There’s a reason law firms and advertising agencies still take clients out to the ball game, theater, or even to Las Vegas. The plan is that what happens in Vegas doesn’t stay in Vegas, but instead spills over into trust and collaboration in future business endeavors. As Wharton professor Adam Grant put it in a recent New York Times editorial, “[w]hen friends work together they’re more trusting and committed to one another’s successes . . . they share more information and spend more time helping” and can even “make better choices and get more done” if there’s still room for constructive criticism.

Psychologists call this relationship-building “social affiliation” or “tending,” and it helps sustain both health and wealth. And yet when it’s employee-to-employee, rather than employee-to-customer or employee-to-client, it’s often belittled as “office housework” and performed by the women on the team – think of your office’s birthday celebrations, retirement parties, and team-building outings. Who schedules them, orders the food, and tidies up afterward? But organizations hurt themselves by ignoring or devaluing those efforts that keep the office warm and sociable.

Corporations and LLCs are controlled by human beings with pulses, hearts, families, loyalties, and a preference for working with people they trust. Recognition of humanity goes a long way. Just last week one of us was struck by the generosity of a New York bank that picked up the tab for the post-memorial service dinner of an employee who was grieving the loss of his father. In business, as in love, you earn trust. Once earned, you’re a fool to take it for granted.

So we propose a three-step solution to properly value the office tending work that lubricates its operations: identify it; understand its impact; and find ways to assign it value.

1. Identify the tending work.

Lots of tending tasks are hidden in plain sight. They’re invisible if done well, as with pre-planning for a productive offsite. Or they’re personal enough – like arranging to cater that post-memorial service diner — that they look more like common courtesy than work. Consequently they’re often implicit instead of specified in job descriptions or portfolio assignments.

To bring tending into the light, managers could assess tending across three dimensions: organizational, team, and peer.

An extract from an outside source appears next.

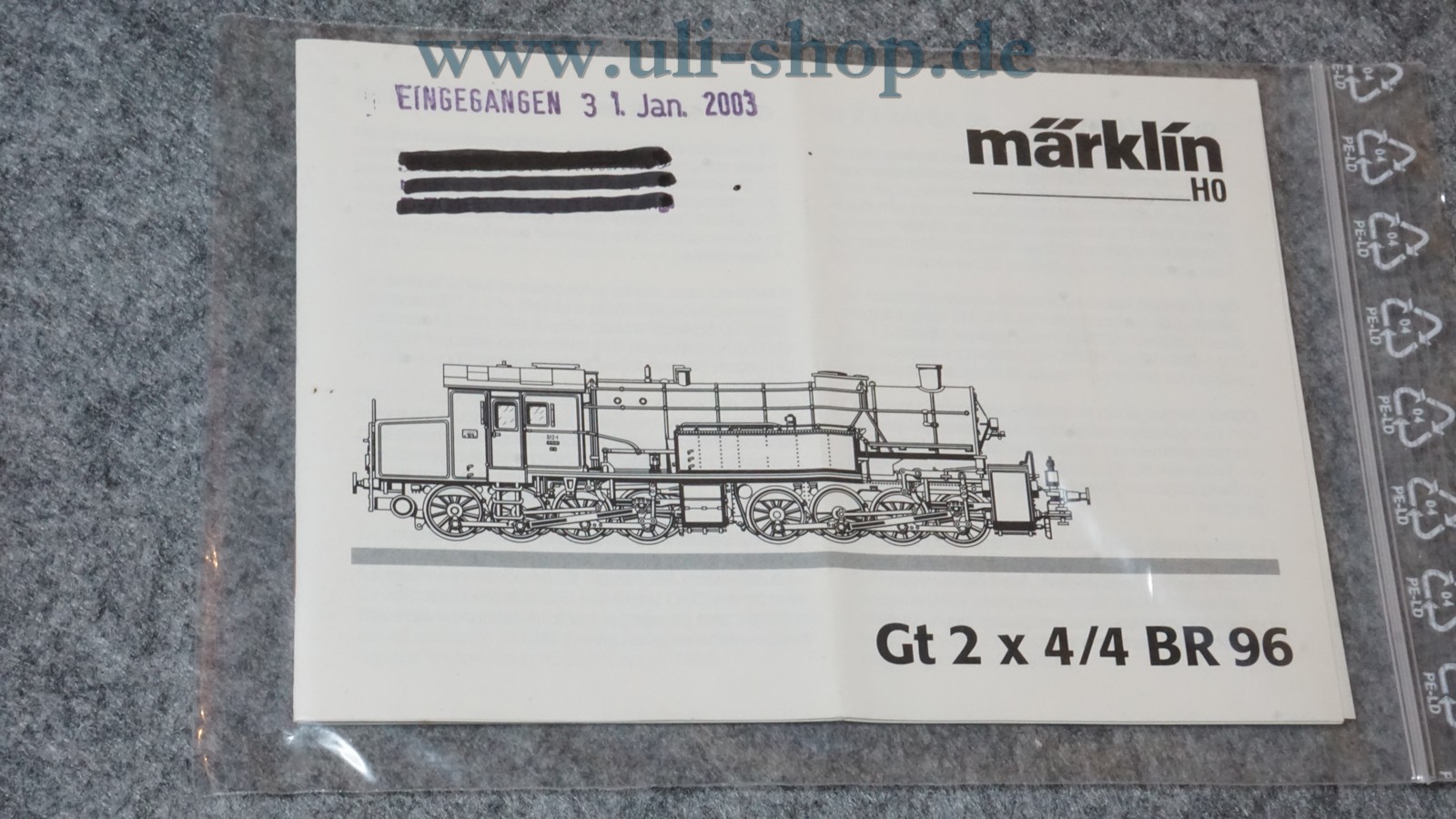 Märklin H0 Bedienungsanleitung mit der Artikelnummer Gt 2x4/4 Br. 96. Die Bedienungsanleitung ist beschriftet.

At the organizational level, someone has to plan retreats, holiday parties, bring-your-child-to-work days, and other culture-enhancing special events. Any smooth-functioning team includes someone who onboards new members, organizes team building activities like lunches or running clubs, and makes sure that extra efforts get publicly acknowledged. Finally, peer-level tending can take the form of an engagement party or welcome-baby card, staying late to help a colleague, coaching, covering for one another, and figuring out who, when, and how to explain an employee leaving the firm. Some of these tasks provide their own rewards – onboarding gives the onboarder power to shape new employees, for example – yet others get valued about as much as dusting and vacuuming.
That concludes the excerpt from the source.